Social World Wide Wait

Photo by Tijs Zwinkels, CC Attribution Share alike.

Been busy at work improving the performance of our main web application.

Meanwhile Dr Dave blogged a link to a page full of beautiful chess sets that took 48 seconds to load (even when all the big photos were already cached in memory on my own machine). I’ve also been tidying up another website which whilst not particularly wasteful still hit a significant performance penalty through failing to compress and cache everything it could.

The “basics” of making a website faster are fairly easy. Google Page Speed or Yahoo Y-Slow will all tell you if you’ve forgotten to enable compression of text, failed to set suitable caching headers, failed to suitably compress your images, or compact your JavaScript, and dozens of other checks (many of which need to be applied with caution, or may offer modest benefits in many situations).

The design and tuning of server side applications can be fiddlier. Such as today switching a small Perl script from CGI to FastCGI, where it was hard to measure the benefit through the vagaries of testing, but when used in anger the improvement was very visible (mostly by showing up the performance of similar items which are served up in a different manner around them). The tools on the server end are more diverse, and environments offer more ways to go wrong, and things to try. Correspondingly the documentation on how to achieve things is thinner on the ground, the paths less well trodden.

However after applying most of the recommended enhancements parts of our application were still too slow. One evening in particular I noted things were painfully slow, indeed bit of the application were failing, eventually an error message was spewed in the middle of the page bleeding over the proper content and all became clear. I was getting “Social World Wide Wait” and it was bad.

In the case of the error the Facebook “like” button on the page was inserting an iframe into the page, and then Facebook servers were unable to fulfill the request due to load, so the iframe was populated with the server’s failure message.

However even in normal operation Facebook “like” and Google Analytics both have to have a single non-cache-able fetch.

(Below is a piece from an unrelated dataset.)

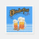 Oktoberfest blue pattern paper napkins with graphics of two beer steins and a pretzel. The bottom of the napkins has the traditional blue and white diamond check pattern, and fancy graphic text reading Oktoberfest runs across the top.

This is how they track your users for targeted advertising and in the case of Google Analytics also let you know so much about them. Even when Facebook and Google Analytics were working correctly, and returning prompt results, it still meant we were often doing 3 or 4 fetches per page load (one to our server, two to Facebook’s servers, one to Google’s servers), and the “social networking” was accounting for more than 50% of the delay in fetching items for the page.

Worse still I established there was interaction between one of the Javascript libraries used and Google Analytics, which meant Google Analytics wasn’t running at the ideal moment it should. Downloading and starting Javascript in a page as early as possibly, whilst not delaying other things, and not updating the page before it is ready, is a bit of an art.

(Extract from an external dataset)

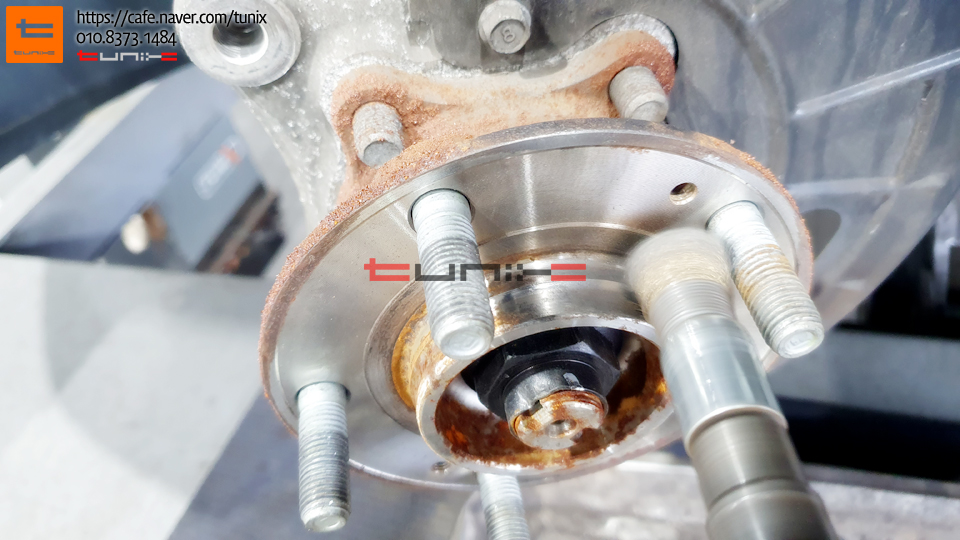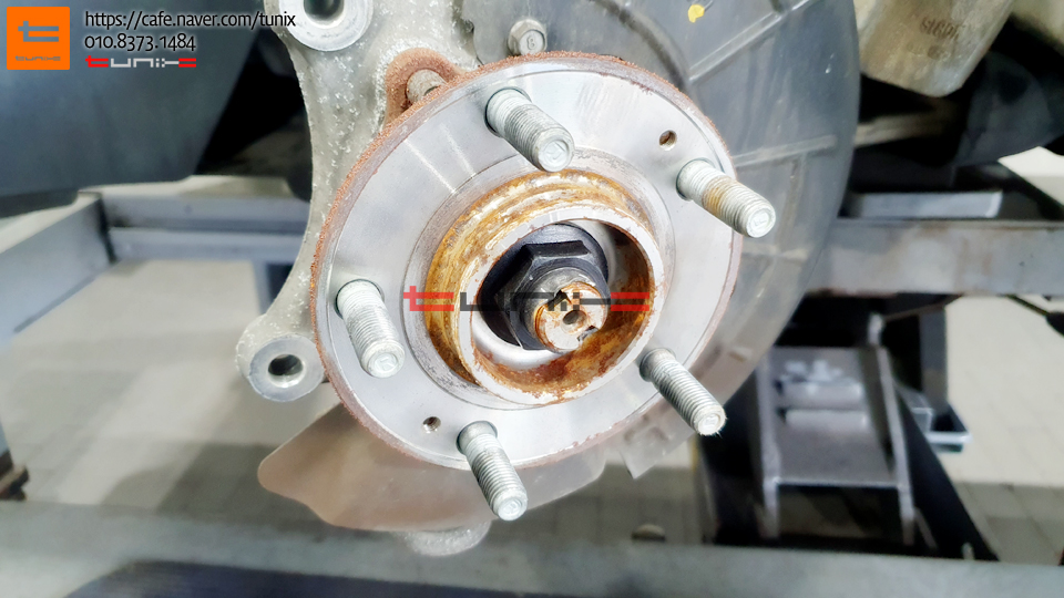 순정 브레이크를 탈착후 허브에 녹을 깨끗히 제거해줍니다

The practical upshot of all this was to ask ‘Do we need a Facebook “like” buttons all over the place?”, and “Do we need Google Analytics after they have logged in?”, and whilst these features have some value to us we decided they didn’t have enough to justify the delay.

The Facebook component could have anticipated receiving an error from Facebook (either by hiding it, and revealing when it worked, or by testing for success). But we, like most folk, cut and paste the code snippet from Facebook and stuff it in, much of their code is already compacted so code review is hard, and it is hard to simulate all the kinds of failure you might get from their site so with limited testing resource, and plenty of our own code to test, we accept our shared fate with the rest of Facebook’s users.

I like Facebook, and Google+, integrating them into your website can make the experience of surfing the web better. You can create accounts quickly and easily. But be sparing in building 3rd party dependencies into your site, and remember the mathematics of downtime is not kind. If you rely on two services that have 99% availability you are already down to 98.01%  before you factor in your own service availability.

If you load your website with Gravatar icons, Facebook comments, Addthis buttons and similar  such that it takes 48 seconds to load, I will spend more time wondering about your site’s construction than I will interacting with your content.